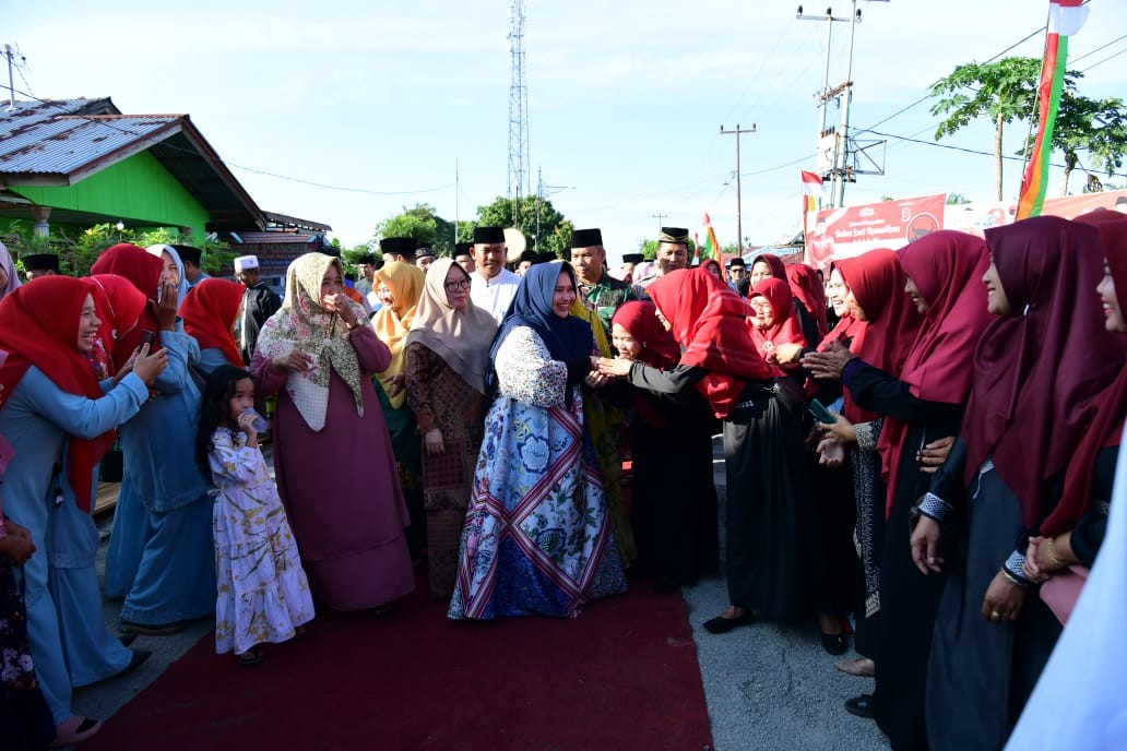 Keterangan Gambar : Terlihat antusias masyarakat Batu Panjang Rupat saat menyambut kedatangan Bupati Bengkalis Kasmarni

--

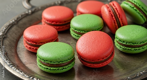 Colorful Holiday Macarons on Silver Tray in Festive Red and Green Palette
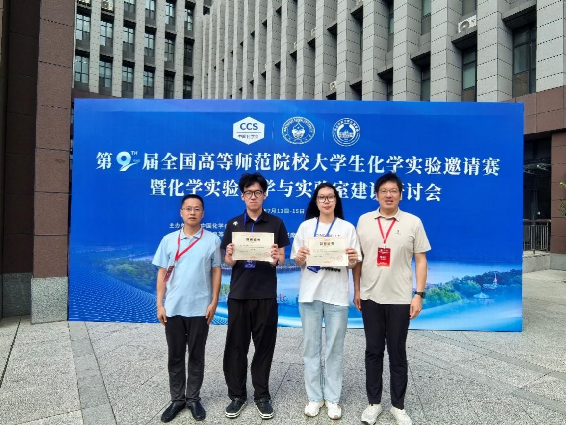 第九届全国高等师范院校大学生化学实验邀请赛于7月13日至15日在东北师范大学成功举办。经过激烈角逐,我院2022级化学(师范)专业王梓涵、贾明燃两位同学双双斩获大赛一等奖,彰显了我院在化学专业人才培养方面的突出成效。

• [The task] Please set down, exactly and with no pictures, the lines in the entries above starting at the one holding "Colorful Holiday Macarons" and ending at the one holding "第九届全国高等师范院校大学生", ends included.

• [Output for this task]
 Colorful Holiday Macarons on Silver Tray in Festive Red and Green Palette
 第九届全国高等师范院校大学生化学实验邀请赛于7月13日至15日在东北师范大学成功举办。经过激烈角逐,我院2022级化学(师范)专业王梓涵、贾明燃两位同学双双斩获大赛一等奖,彰显了我院在化学专业人才培养方面的突出成效。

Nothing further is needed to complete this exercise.